“No one ever wished they packed heavier.”
Before heading out to Ireland, I re-packed my bag a number of times (as you can read about here). After much effort, my wife and I managed to narrow our luggage down to a carry-on and single suitcase apiece. This amount was enough to provide everything we needed while in Ireland for four and a half months, but was small enough that we could easily carry it ourselves. Fortunately so, it turned out, as we managed to get off the bus sooner than necessary and had to walk an extra mile through Dublin while carrying our stuff.
During our trip we ran into a fellow student who did not subscribe to our theory of packing light. Following him off the bus, we realized that he had 5 pieces of luggage: 2 suitcases, a gym bag, a carry-on and a guitar. How does one person manage all of this stuff? We still don’t know, as we volunteered to help carry since we were traveling to the same destination. He bravely carried all but the guitar. The carry-on was strapped around his shoulders, the gym bag was perched on top of a suitcase, and he rolled the suitcases behind him, one in each hand. While this arrangement would probably work fine on the smooth floors inside an airport, it was rather cumbersome on the uneven streets of the city. The gym bag kept falling off and getting drug on the ground, and the double suitcases were too wide and everyone had to walk around him. Not to mention the guitar, which I was carrying.
How did we do it? How did we manage to carry everything for four and a half months in a suitcase and carry-on each? I did have the advantage of not bringing my guitar along, so I automatically eliminated one item from my packing list. Otherwise, we realized that we generally wear the same clothes week to week anyway, and started with those. Instead of bringing bulky coats and a lot of extra sweaters, we packed based on the layering system (the backpacking background comes in handy sometimes!) We included a base-layer of thermals that can be worn underneath our jeans and shirts. With a sweater added on top, and a windproof rain-jacket over that, we will be toasty warm in some very cold temperatures, colder than it is likely to get while we are here. Just in case, we did add in a dressy outfit and pair of shoes to match.
There is more to packing than just clothes, though.
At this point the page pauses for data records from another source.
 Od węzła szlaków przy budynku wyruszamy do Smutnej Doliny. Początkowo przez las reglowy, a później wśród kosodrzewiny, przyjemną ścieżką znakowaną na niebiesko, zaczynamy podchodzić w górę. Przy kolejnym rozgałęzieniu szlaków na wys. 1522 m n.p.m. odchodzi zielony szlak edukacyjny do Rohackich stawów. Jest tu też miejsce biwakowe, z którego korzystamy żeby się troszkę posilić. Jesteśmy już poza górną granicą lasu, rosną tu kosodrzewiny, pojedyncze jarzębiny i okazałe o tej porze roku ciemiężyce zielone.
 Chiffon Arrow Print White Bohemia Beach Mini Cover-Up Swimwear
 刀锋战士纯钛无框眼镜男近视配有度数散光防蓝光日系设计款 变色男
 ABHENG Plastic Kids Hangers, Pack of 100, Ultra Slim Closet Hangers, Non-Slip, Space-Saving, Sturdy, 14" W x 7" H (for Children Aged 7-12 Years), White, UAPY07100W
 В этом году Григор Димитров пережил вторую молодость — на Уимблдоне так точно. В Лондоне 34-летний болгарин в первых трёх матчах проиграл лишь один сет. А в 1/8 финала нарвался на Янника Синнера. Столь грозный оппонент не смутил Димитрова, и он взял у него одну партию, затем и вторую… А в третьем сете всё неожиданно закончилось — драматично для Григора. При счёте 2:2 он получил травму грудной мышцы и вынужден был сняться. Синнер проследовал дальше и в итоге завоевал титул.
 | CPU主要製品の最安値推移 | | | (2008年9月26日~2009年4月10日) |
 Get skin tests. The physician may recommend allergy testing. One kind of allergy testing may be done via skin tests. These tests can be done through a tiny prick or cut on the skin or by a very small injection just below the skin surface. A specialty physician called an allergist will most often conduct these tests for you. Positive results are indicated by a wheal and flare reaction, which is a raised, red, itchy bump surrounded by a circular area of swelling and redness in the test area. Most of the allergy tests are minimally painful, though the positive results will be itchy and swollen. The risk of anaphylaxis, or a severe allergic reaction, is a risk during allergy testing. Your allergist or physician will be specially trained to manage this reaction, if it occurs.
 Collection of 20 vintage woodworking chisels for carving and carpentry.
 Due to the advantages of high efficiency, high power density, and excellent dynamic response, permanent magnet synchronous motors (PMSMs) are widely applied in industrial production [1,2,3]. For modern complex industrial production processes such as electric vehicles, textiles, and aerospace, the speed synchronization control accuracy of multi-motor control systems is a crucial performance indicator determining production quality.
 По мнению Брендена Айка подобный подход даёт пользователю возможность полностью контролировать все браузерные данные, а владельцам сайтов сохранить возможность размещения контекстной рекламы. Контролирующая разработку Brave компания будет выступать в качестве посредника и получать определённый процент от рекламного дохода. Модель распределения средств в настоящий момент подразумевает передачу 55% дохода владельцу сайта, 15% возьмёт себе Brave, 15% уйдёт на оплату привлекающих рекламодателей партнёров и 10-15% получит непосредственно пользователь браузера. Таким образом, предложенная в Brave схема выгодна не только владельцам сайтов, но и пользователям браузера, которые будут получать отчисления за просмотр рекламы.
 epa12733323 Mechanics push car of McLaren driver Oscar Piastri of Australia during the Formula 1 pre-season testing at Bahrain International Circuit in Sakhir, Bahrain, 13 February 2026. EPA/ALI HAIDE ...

What about all of the other stuff that we use on a daily basis? Since we were planning on finding a furnished apartment, we did not need to carry any bed linens or cooking gear. If needed, we could purchase a set of sheets upon arriving (we didn’t). We had the laptop and a couple of 3-ring binders with paper for school use, as well as the necessary plug-converters for the laptop and whatever writing instruments would be necessary. Entertainment-wise, we brought the knitting supplies that we thought would be needed during the time we were in Ireland, as well as the GPSr and Palm for GeoCaching. We threw in some books and a sketch pad for some additional entertainment. The only other things we could think that we use on a daily basis are toiletries. Just the basics: some soap, shampoo, and deodorant, q-tips, razor, toothbrush and toothpaste, a washcloth and our PackTowels. The only other items were a blanket or sleeping bag and a travel pillow for use on the plane and when traveling.
Have you ever really thought about what all you use in the course of an average day? You might be surprised how little it is. Hygiene products, clothes and some entertainment. Obviously we weren’t bringing our vehicle, we’ve seen all of our movies (and are not big TV watchers anyway), have our music saved on the laptop and will be using provided equipment to cook and eat from. Since the hairdryer would have needed a converter anyway, it was easier to purchase one after arriving here (this and the sheets were the only things we planned to purchase after arriving, and the sheets only if needed).
The small amount of stuff combined with some good packing techniques allowed us to fit everything inside our suitcases. We had enough room left-over that we managed to fit my wife’s bathrobe (which she was most thankful for), some snacks for the plane, an empty water bottle, and a spare duffel bag in case our luggage weighed too much.
Not only was our minimal luggage easy to carry while traipsing around town looking for the train station, but it came in handy a number of other times. While on the bus and the train, it was simple to find a place to store everything. The lift (elevator) was out at the hostel, so we had to carry our luggage up four flights of stairs. Repacking once we found a place to stay was a quick matter. Unpacking and moving into our flat was a quick matter that only took about 10 minutes.